Our View: Penalising the consumer to protect small shop owners

SOME 40 shops were to be prosecuted for violating the law governing the advertising of price reductions, said the Commerce and Industry Minister Antonis Paschalides, responding to a letter about the subject from EDEK deputy Yiannakis Omirou. The files had already been forwarded to the police for the necessary action said the minister.

The law allegedly violated was the law governing shop sales. In Cyprus, we have a law which gives the right to the commerce ministry to dictate the period during which shops can advertise price reductions. It issues the directive, setting the period for advertised sales, twice a year, in winter and in the summer and the period lasts about six weeks. It also stipulates different period for shops selling different items – furniture shops have one period while clothes and shoe shops another.

This resoundingly stupid law was passed several years ago, at the behest of the association of owners of small shops (POVEK) which argued that the ability of the bigger shops to announce price cuts whenever they chose was unfair competition that would drive its members out of business.
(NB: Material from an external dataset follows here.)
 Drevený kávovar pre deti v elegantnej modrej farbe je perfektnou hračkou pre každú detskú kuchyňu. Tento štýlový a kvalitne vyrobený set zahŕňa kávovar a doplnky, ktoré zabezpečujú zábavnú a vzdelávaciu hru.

Under pressure from this large bloc of voters, populist deputies drafted the law that gave the commerce ministry the right to set ‘sales periods’ and made it illegal for shops to advertise price cuts outside these periods.

Paschalides informed Omirou that his ministry’s Service for Competition and Protection of the Consumer, has mounted an ‘intensive campaign’, from September 1 to October 15, during which there were 788 inspections all over Cyprus and 362 violations of the law were noted; 339 shops of these shops complied with the law while 23 did not and were being prosecuted. He expected another 17 shops to be reported.
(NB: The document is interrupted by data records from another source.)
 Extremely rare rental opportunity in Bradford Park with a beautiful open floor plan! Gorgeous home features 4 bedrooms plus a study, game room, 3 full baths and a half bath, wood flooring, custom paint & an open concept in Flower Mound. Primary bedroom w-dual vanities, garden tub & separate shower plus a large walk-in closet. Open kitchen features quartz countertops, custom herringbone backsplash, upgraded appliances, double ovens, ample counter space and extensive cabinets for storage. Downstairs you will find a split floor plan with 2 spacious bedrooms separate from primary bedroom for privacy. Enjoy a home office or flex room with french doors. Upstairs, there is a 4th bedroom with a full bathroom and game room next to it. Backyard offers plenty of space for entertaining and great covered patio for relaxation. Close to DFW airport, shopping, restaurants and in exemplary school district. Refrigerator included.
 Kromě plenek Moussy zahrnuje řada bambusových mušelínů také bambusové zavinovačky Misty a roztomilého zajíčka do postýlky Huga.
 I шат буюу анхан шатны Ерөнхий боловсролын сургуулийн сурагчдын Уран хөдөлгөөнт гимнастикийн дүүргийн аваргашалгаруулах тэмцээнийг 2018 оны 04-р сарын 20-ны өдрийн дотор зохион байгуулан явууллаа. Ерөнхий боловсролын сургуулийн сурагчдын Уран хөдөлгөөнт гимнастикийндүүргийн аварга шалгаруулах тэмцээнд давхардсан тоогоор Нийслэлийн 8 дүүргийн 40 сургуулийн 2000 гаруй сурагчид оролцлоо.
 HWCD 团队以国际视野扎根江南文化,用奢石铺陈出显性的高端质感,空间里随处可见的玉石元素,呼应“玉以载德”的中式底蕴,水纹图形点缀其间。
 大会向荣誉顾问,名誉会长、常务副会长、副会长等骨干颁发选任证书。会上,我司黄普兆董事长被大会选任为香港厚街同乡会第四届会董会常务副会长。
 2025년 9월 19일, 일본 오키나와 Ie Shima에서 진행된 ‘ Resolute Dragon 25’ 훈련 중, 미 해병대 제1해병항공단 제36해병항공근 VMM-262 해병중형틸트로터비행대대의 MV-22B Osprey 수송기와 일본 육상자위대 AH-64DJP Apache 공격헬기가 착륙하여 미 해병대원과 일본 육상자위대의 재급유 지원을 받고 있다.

Just think about this. The service that ensures there is competition will be prosecuting shops that are competing by lowering their prices and benefiting the consumer. The Service that supposedly protects the consumer is penalising shops that are letting the consumer know, through advertising, that they are offering products at lower prices. According to this logic-defying law, shops can offer goods at lower prices as long as they tell nobody about them. In this way neither shop nor the consumer would benefit. And the service for the protection of the consumer has been sending out inspectors to ensure that shops do not inform consumers about bargains they may be offering. Does Paschalides believe this Soviet-type behaviour is in the interest of the consumer?

And what about the shops which are desperately trying to stay afloat in the worst recession to have hit Cyprus? Price cuts and special offers are the only way to generate some revenue, at a time when business is staggeringly slow, and these are to the benefit of the consumer that Paschalides is supposed to protect. But instead he is penalising the consumer in order to protect owners of small shop. How clever is that?